Then if I have 30 ip addresses, I'll loop through the above to provide firefighting info to the troops that need it.

Perl seems to be the way to do this for me and I'm working on learning it now. (I am an experienced ksh scripter already, but a perl newb.)

I have several design questions and seek advice from the Monks before I proceed to shoot myself in the foot (overly).

For example:

For nslookups, should I use Net::DNS, Net::Patricia, nslookup, gethostbyaddr, or something else?
I need to merge "dot-quad" notation variables with regular "mask" notation data to lookup phyical locations. Should I use Netaddr::IP (or NetAddr::IP:Lite) to convert between notations? (platform is WinXP+Cygwin)
Should I attempt to merge using the Net::CIDR::Lite technique in Merge CIDRs, grepp grepp -- Perl version of grep, or an external (ksh) grep?
I need to merge by grepping/awking through other flat files- same question- grepp within perl, call ksh grep, other? The bigger question here is- what rules of thumb should I use to determine this info for myself?
Am I reinventing a wheel here? I've googled, supersearched, and CPANned and don't see anything obvious that would do these kinds of things.

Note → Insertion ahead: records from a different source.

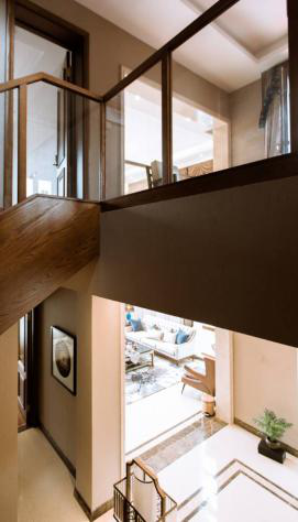 楼中楼梯的布置是一重要元素,邹咏把握住空间利用效率,安放在合理位置,使得楼梯与空间融为一体,扶手的木质设计把环境铺垫出柔和感,镂空的扶手设计使得通透感强烈凸显。层次分明,不拖泥带水的设计灵活。
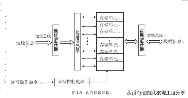 可见,不论是读还是写,都必须先给出存储单元的地址。来自地址总线的存储器地址由地址译码器译码(转换)后,找到相应的存储单元,由读/写控制电路根据相应的读、写命令来确定对存储器的访问方式,完成读写操作。数据总线则用于传送写入内存或从内存取出的信息。
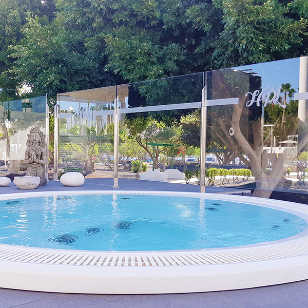 Para poder disfrutar del bienestar, también ponemos a su disposición una zona de jacuzzi rodeado de hamacas y vegetación.
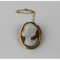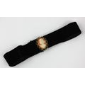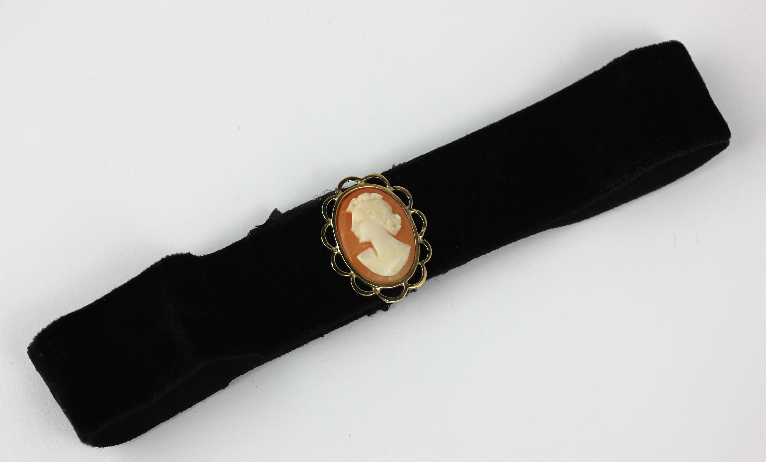 A 9ct gold mounted oval shell cameo ribbon slide carved as the portrait of a lady within a pierced surround, fitted to a black ribbon velvet choker
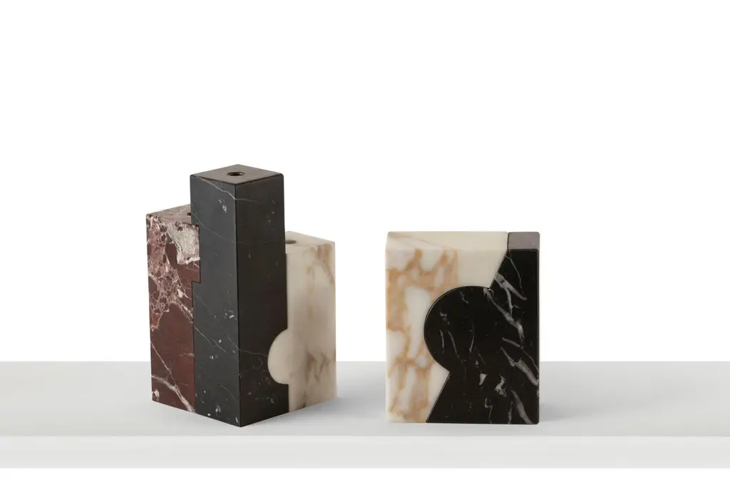 Series of marble vases and bookends in the variants: lepanto red, alpi green and marquinia black.Both bookends and vases feature a complementary structure that intersects, acquiring a monolithic form when joined and at the same time can be broken down with a small gesture.The jars have a removable pyrex glass tube inside.
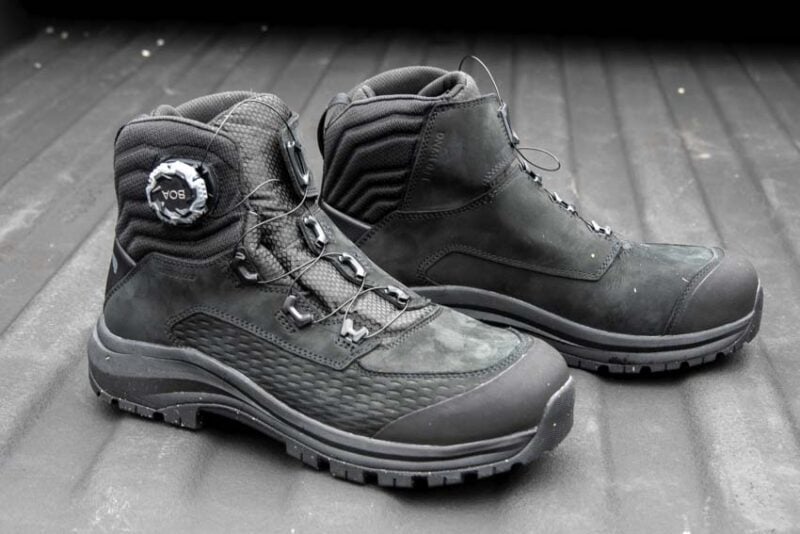 I have to pass a checkpoint that requires the removal of my shoes. While other teammates have to lace/unlace their boots, I can very quickly get out of and back into my boots thanks to the BOA system. The system is easy to manipulate but I did have the BOA dial hang up on releasing the cablesย on one boot occasionally. If that happens, you just needย a little extra tug to get it to release. Most of the time, though, it was quick and easy to remove and put the boots back on and cinch up the cable. I also like that the cable system made the entire boot feel evenly snug with no pressure points or loose areas.ย
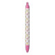 This design features watercolor perfum bottles on a black and white polka dotted background.
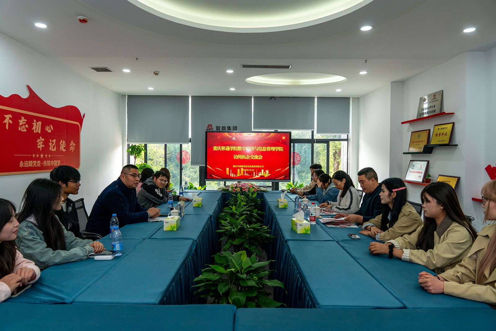 为深化产学研用合作,推动校企合作创新升级,增强双方的认知度和发展方向。2025年4月2日下午2点,重庆移通学院数字经济与信息管理学院数字经济教研室主任陈明燕、数字经济专业负责人乔兴刚及学生代表一行前往重庆市智鼎伟业实业集团公司开展访企交流活动。
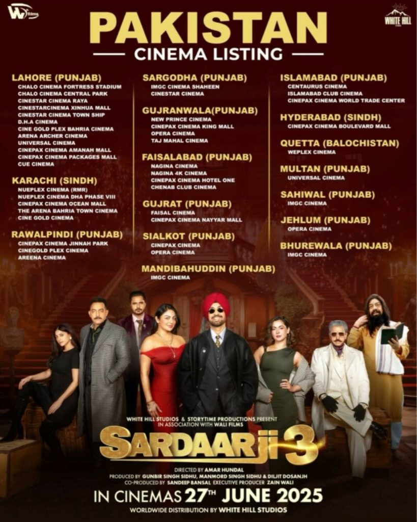 Islamabad, June 27, 2025: Sardaar Ji 3, the much-anticipated Punjabi blockbuster starring Diljit Dosanjh and Hania Aamir, officially hits cinemas across Pakistan today, June 25, 2025. The film has received clearance from all three Pakistani censor boards—Sindh, Punjab, and the federal board—paving the way for its nationwide release.
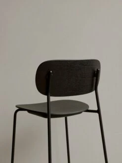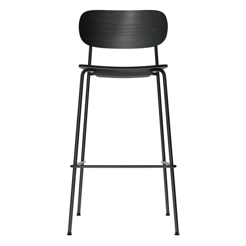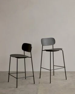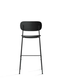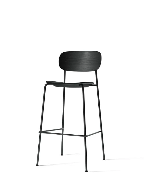 Der Co-Barhocker von Menu zeichnet sich durch einen ausgewogenen Kontrast zwischen einem schlanken Stahlrohrgestell und einer sanft geschwungenen Sitzfläche aus Holz aus. Die leicht geneigte Rückenlehne sorgt für optimalen Sitzkomfort und Halt.
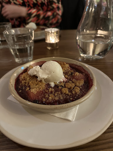 Onto desserts: I'm a fan of souffle IF done well. After the experience of the main; I suspected we were in the presence of a chef or set of chefs who seriously know their craft, so with anticipation ordered the pistachio soufflé and Julia ordered the apple and gooseberry crumble. Neither of us had seen, let alone eaten gooseberries for decades. We eagerly anticipated our desserts.
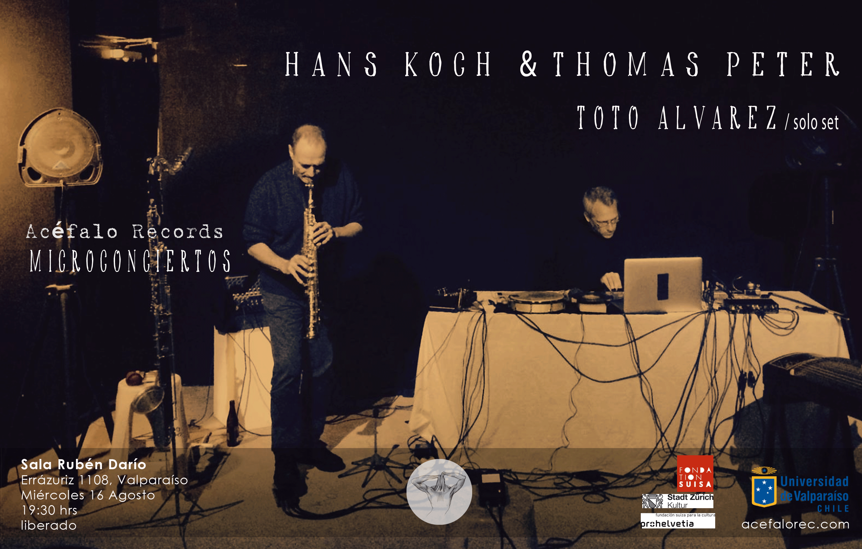 Microconciertos de Acéfalo Records presenta el dúo integrado por el experimentado músico europeo Hans Koch en saxos y clarinetes y Thomas Peter, objetos amplificados y live electronics , además del guitarrista Luis Toto Alvarez .
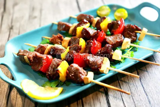 6.取出后用竹签分别串上红椒、黄椒、杏鲍菇和腌制好的牛肉,放进预热好的Westinghouse西屋WTO-PC2801烤箱,选择蒸烤模式,200度,烤20分钟
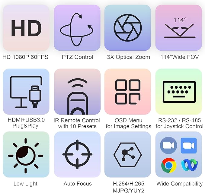 - ✔Multiple installation options and Package list - Available to install on the desk, wall, monitor, tripod, or ceiling. Package includes 1 * PTZ Camera, 1 * IR remote control, 1 * 9.8ft USB 3.0 cable, 1 * DC 12V/2A power adaptor, 1 * wall bracket with screws, and 1 * manual.
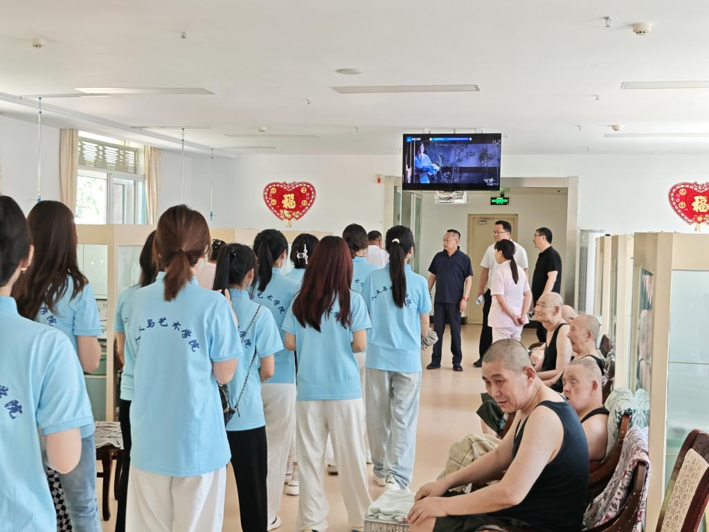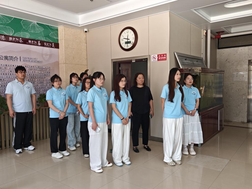 在盘锦市唐王府老年公寓,团队参观调研老年公寓的运营管理模式和服务特色。工作人员向团队介绍了老年公寓的基本情况,带领我们感受公寓环境并与老年人进行了互动交流。老年公寓分为两部分,一部分为需要护理照顾的失能、半失能老人的生活区域,另一部分则是自理老人生活区域。老年公寓里配备娱乐区、活动区等,为老年人提供优质的生活空间,提高其养老生活质量。实践团成员也亲身感受到了机构养老的现实情况,以及在机构养老中专业护理和社会介入的重要性。
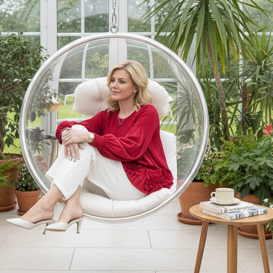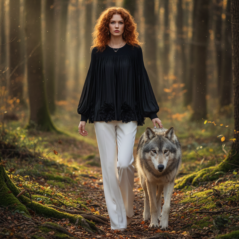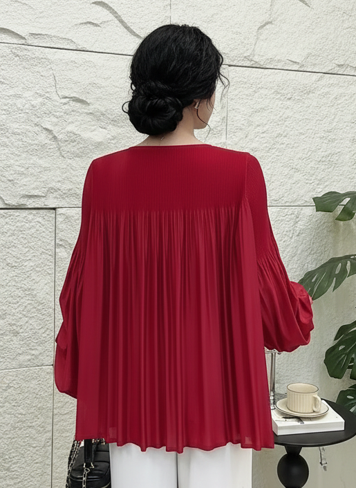 Charming Floral Applique Round-Neck Pleated Blouse Tops, featuring a playful round neckline and pleated design. This trendy loose-fit blouse effortlessly hides and highlights all the right places, making it a breeze to wear and flattering for every shape.
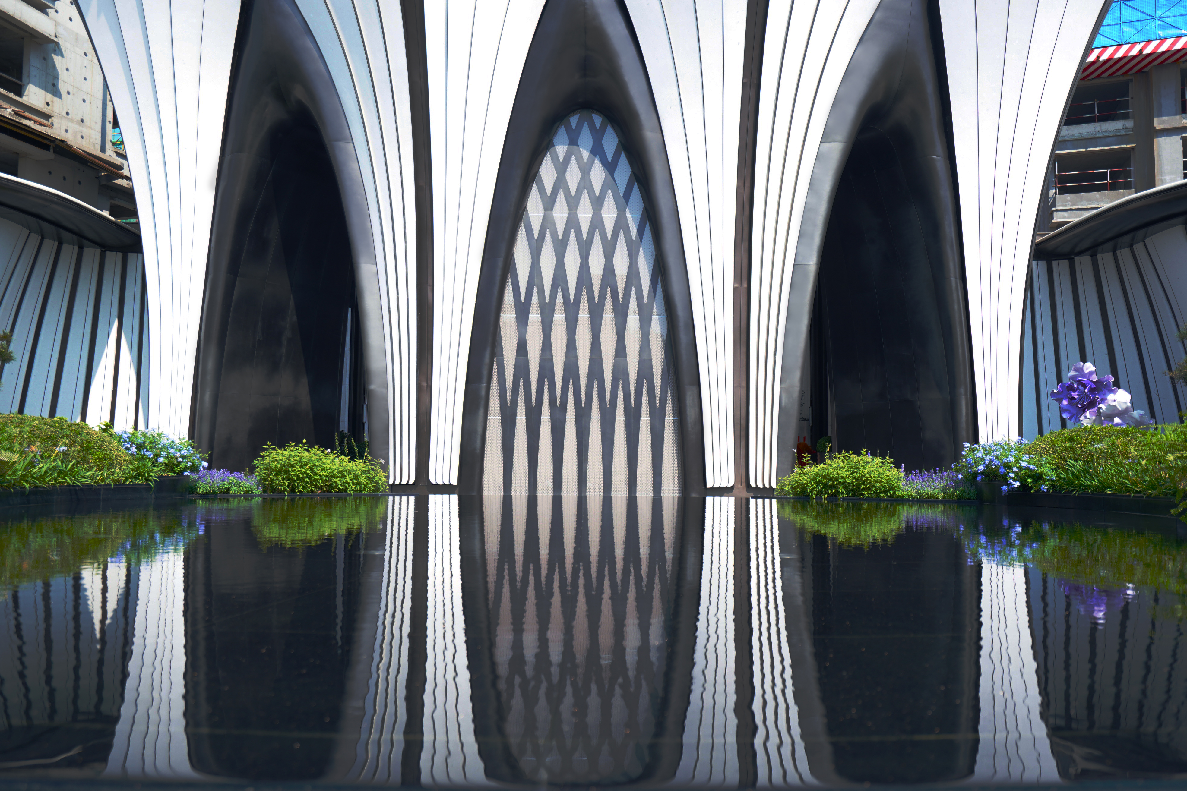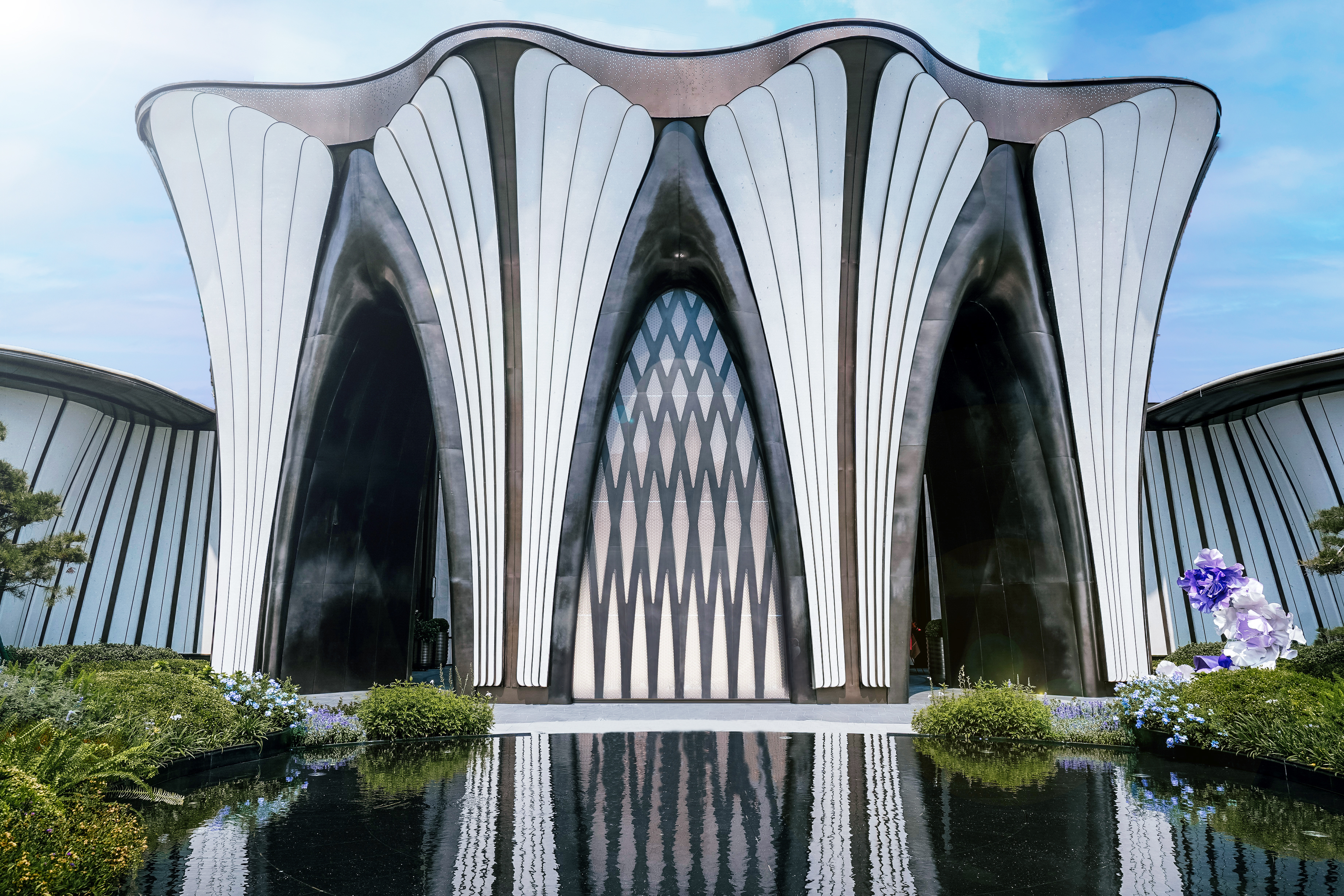 12米高UHPC花瓣造型,以工业级三维建模与纯手工锻造模具精雕曲面,国内首例无缝巨尺度艺术大门,诠释流动的生态韵律。

If there are other RTFM's I should concentrate on, please advise, as I'm searching for enlightenment and willing to read first.

My guess is that, to an experienced Perl Person (PerlMonkey? PerlDiver?) this would be a straightforward thing... but at my stage of wisdumb I'd appreciate some guidance in staying on an appropriate path. (as I do need to get this working in days, not months!) Thanks in advance....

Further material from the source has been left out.